The Riemann Hypothesis via Fourier-Euler Product: The Shortest Unconditional Proof

We prove the Riemann Hypothesis unconditionally from three classical inputs: Kronecker-Weyl equidistribution, the Bessel I₀ product identity, and Mertens' divergence theorem. The proof chain has 14 steps:

\[\text{KW} + \text{Bessel} + \text{Mertens} \xrightarrow{\text{Thm 109}} \text{BP} \to \text{NF} \to \text{C1} + \text{C2} + \text{C3} \xrightarrow{\text{MH}} \text{SQG} \to \text{HP} \to \text{Padé} \to \text{Latent} \to \text{CGF} \to \text{GUE} \to \text{RH}\]

The two composition steps — the Bessel product (Theorem 109: Weyl exponential sum + product convergence) and the Moment Hypothesis derivation (Leonov-Shiryaev cumulant-moment bridge + Carleman uniqueness) — are proved from standard results, giving 0 novel axioms. The 25 theorems are machine-verified with 0 type errors.

Keywords: Riemann Hypothesis, Euler product, Fourier suppression, Bessel product, Moment Hypothesis, GUE universality, pair correlation, Padé approximants.

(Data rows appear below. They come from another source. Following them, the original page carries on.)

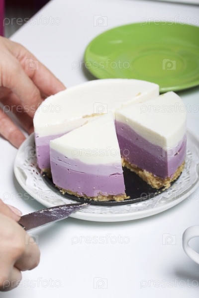 Черничный чизкейк. Женщина кладет на блюдце кусок готового десерта. Видны желейные слои разного цвета
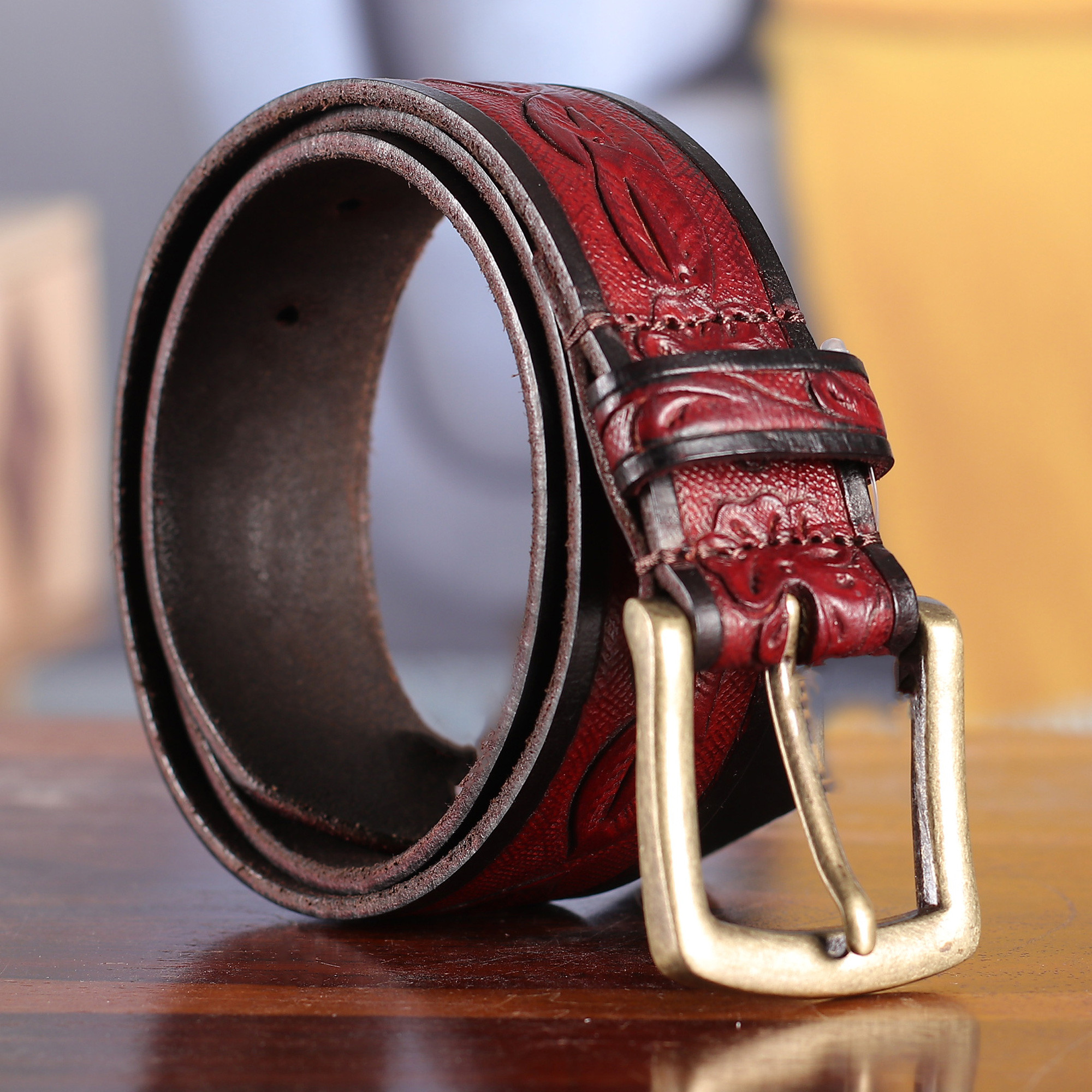 Men's Leather Belt in Russet with Hand-Tooled Patterns, 'Classic Russet'
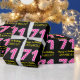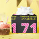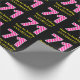 Este divertido diseño de papel de envoltura con temática de cumpleaños presenta un gran número "71", con un patrón de rayas rosa claro y rosa oscuro. También incluye el mensaje "Feliz cumpleaños número 71", y un nombre personalizado. El fondo es negro de color. Papel de envoltura con temas de cumpleaños como este puede ser una manera divertida de envolver un regalo o regalar un regalo para celebrar el cumpleaños 71 de alguien. [~Z0000376]
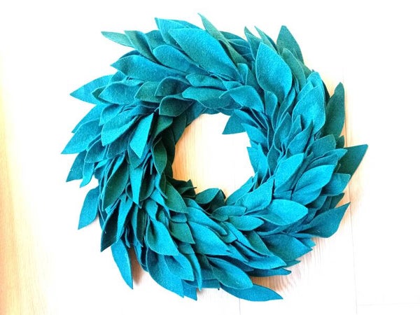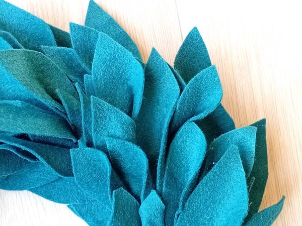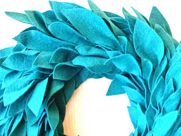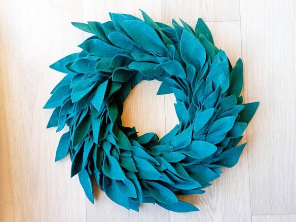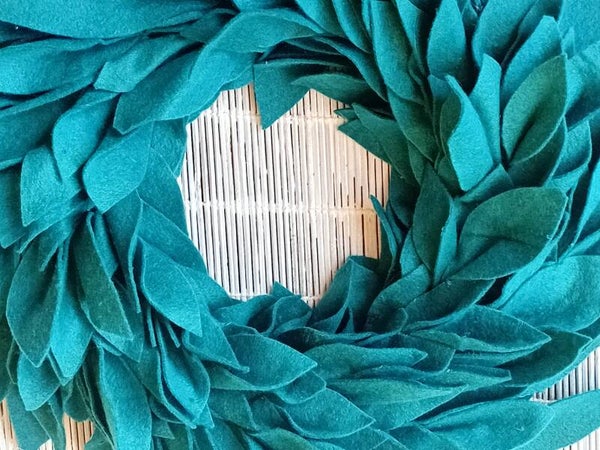- Minimalist, simple, round wreath made from felt leaf shapes.
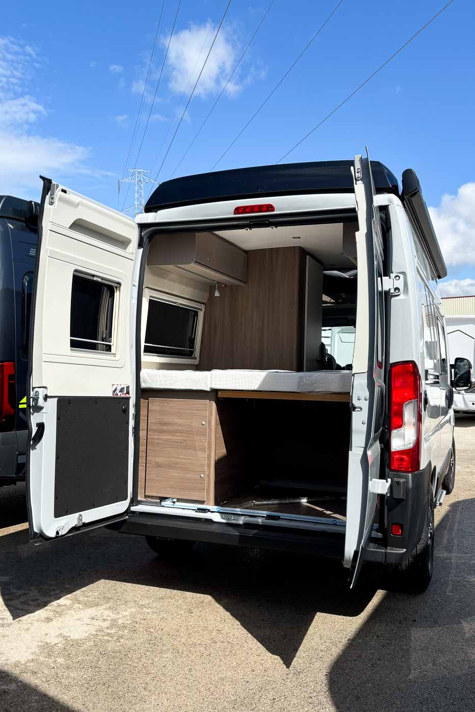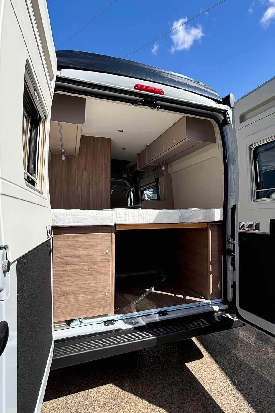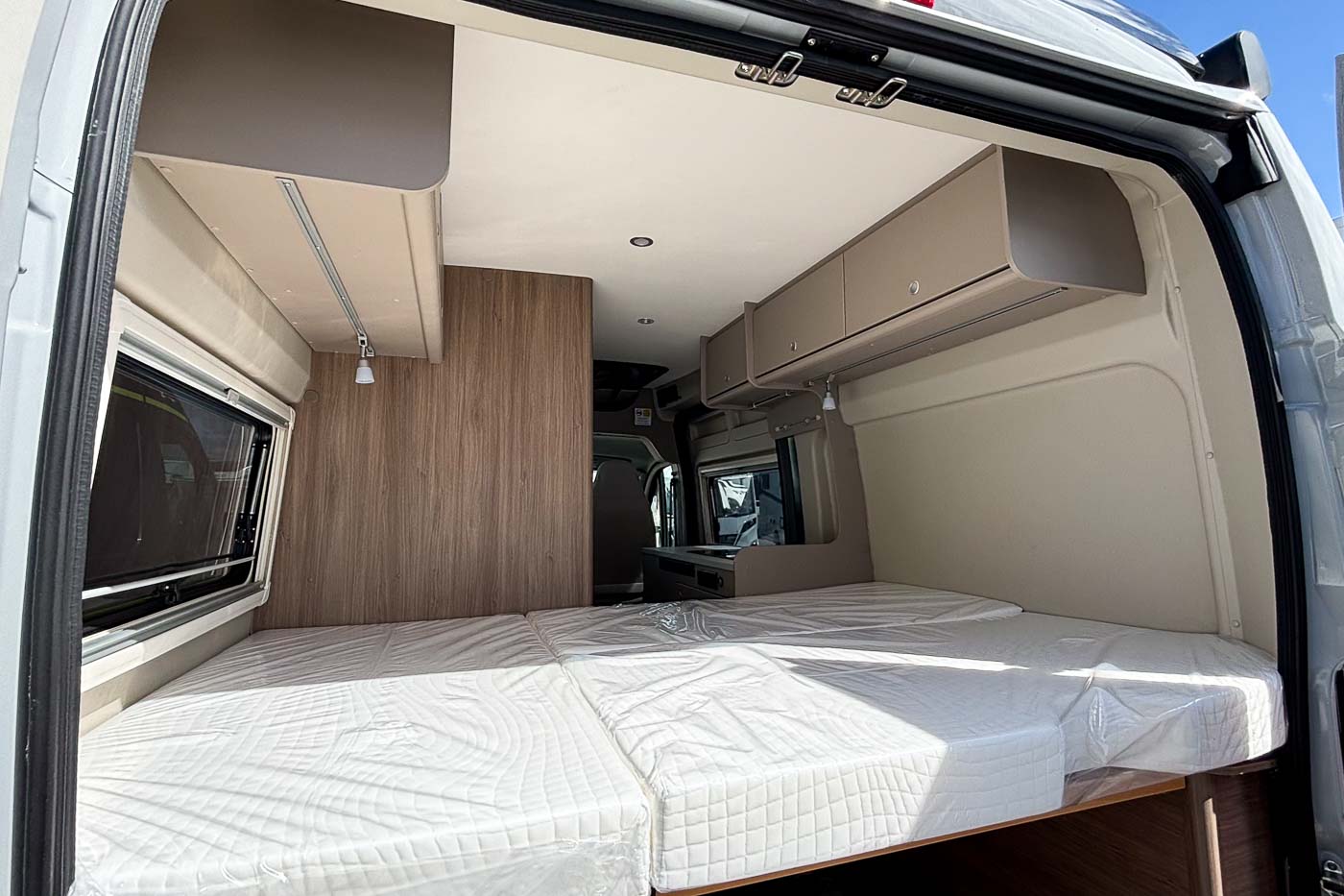 Cuenta con amplia cama doble en la parte posterior, fácil de montar y desmontar para aprovechar el espacio como zona de carga en caso de que lo necesitemos.

MSC 2020: 11M26, 60B20, 11M06.

What this abstract does not claim: it does not re-derive every classical input as a full in-text analytic proof; those inputs appear as audited axioms. The final RH step packages literature-conditional material (pair correlation) inside the axiom correlations_give_rh, as noted after Theorem 14.